## Exercise objective
Write out the data below exactly as given, without any of its pictures.

## Supplied material
┄┄┄┄┄┄┄┄┄┄┄┄┄┄┄┄┄┄┄┄
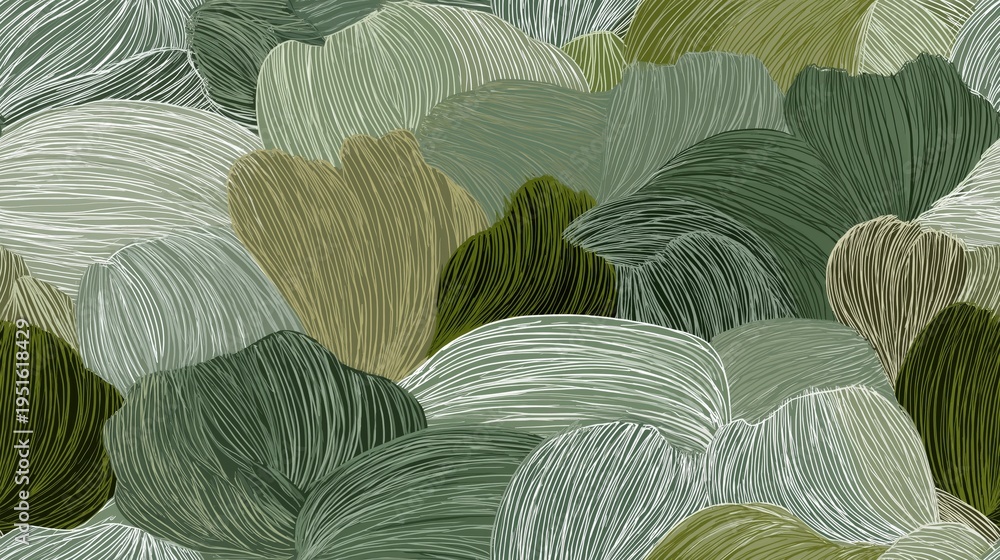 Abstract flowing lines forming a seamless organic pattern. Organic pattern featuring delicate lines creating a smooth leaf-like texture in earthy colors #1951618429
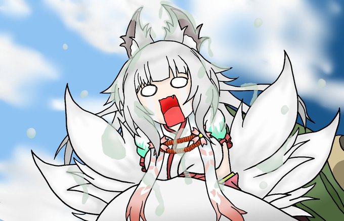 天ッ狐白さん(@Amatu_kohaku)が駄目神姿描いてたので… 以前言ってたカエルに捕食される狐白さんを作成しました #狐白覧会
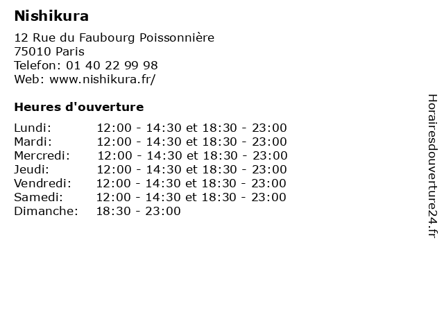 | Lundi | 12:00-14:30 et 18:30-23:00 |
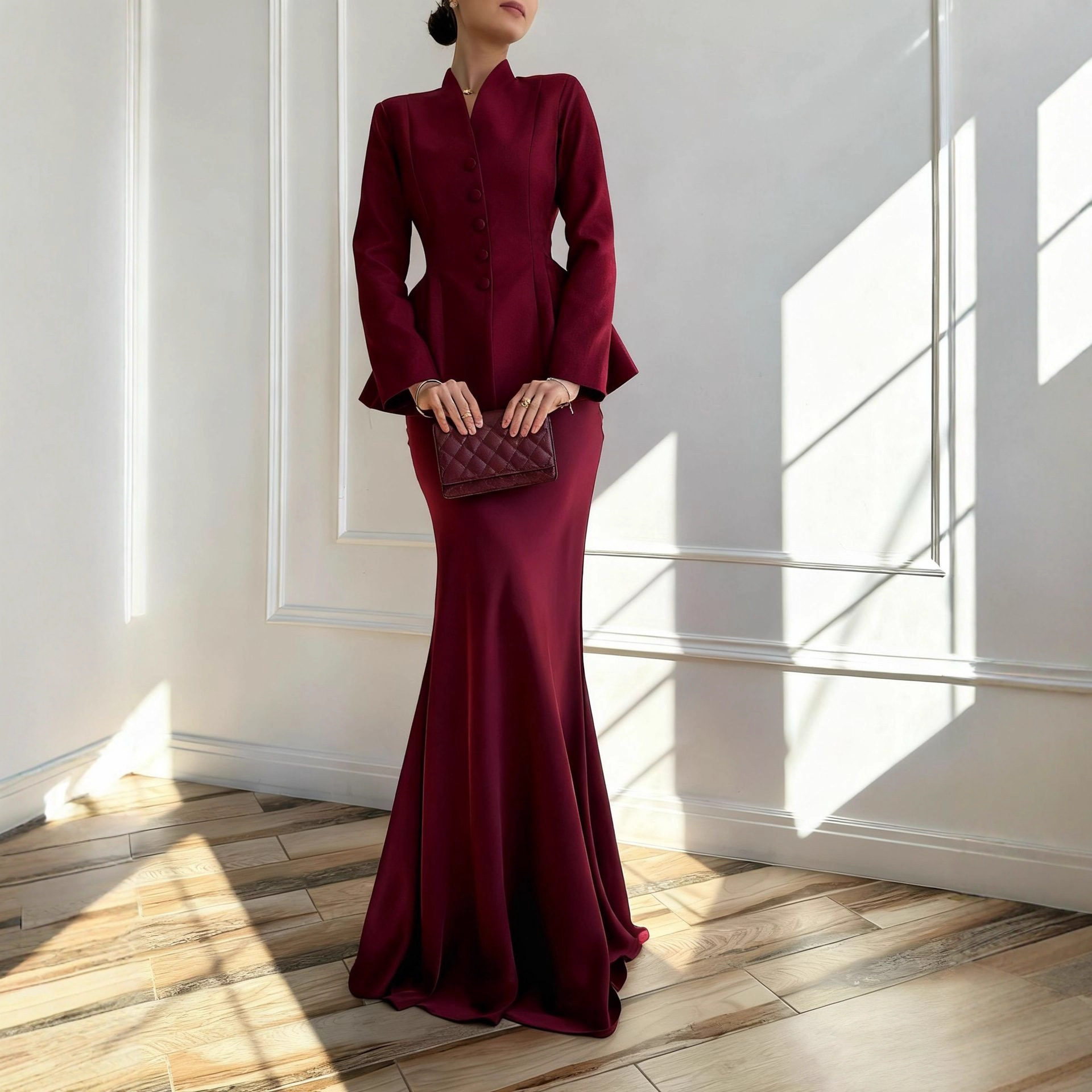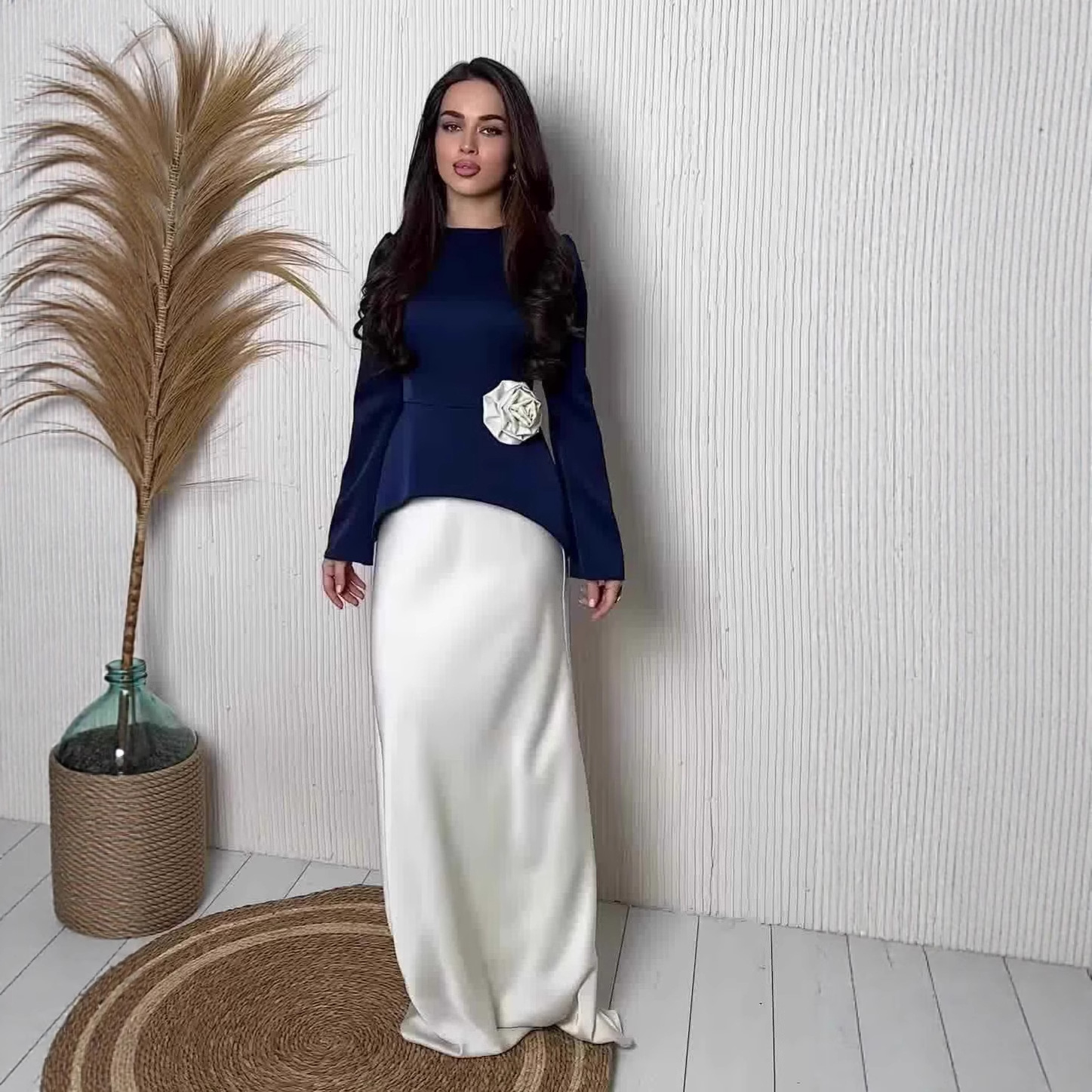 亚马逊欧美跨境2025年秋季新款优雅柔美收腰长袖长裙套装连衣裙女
┄┄┄┄┄┄┄┄┄┄┄┄┄┄┄┄┄┄┄┄
## Output
 Abstract flowing lines forming a seamless organic pattern. Organic pattern featuring delicate lines creating a smooth leaf-like texture in earthy colors #1951618429
 天ッ狐白さん(@Amatu_kohaku)が駄目神姿描いてたので… 以前言ってたカエルに捕食される狐白さんを作成しました #狐白覧会
 | Lundi | 12:00-14:30 et 18:30-23:00 |
 亚马逊欧美跨境2025年秋季新款优雅柔美收腰长袖长裙套装连衣裙女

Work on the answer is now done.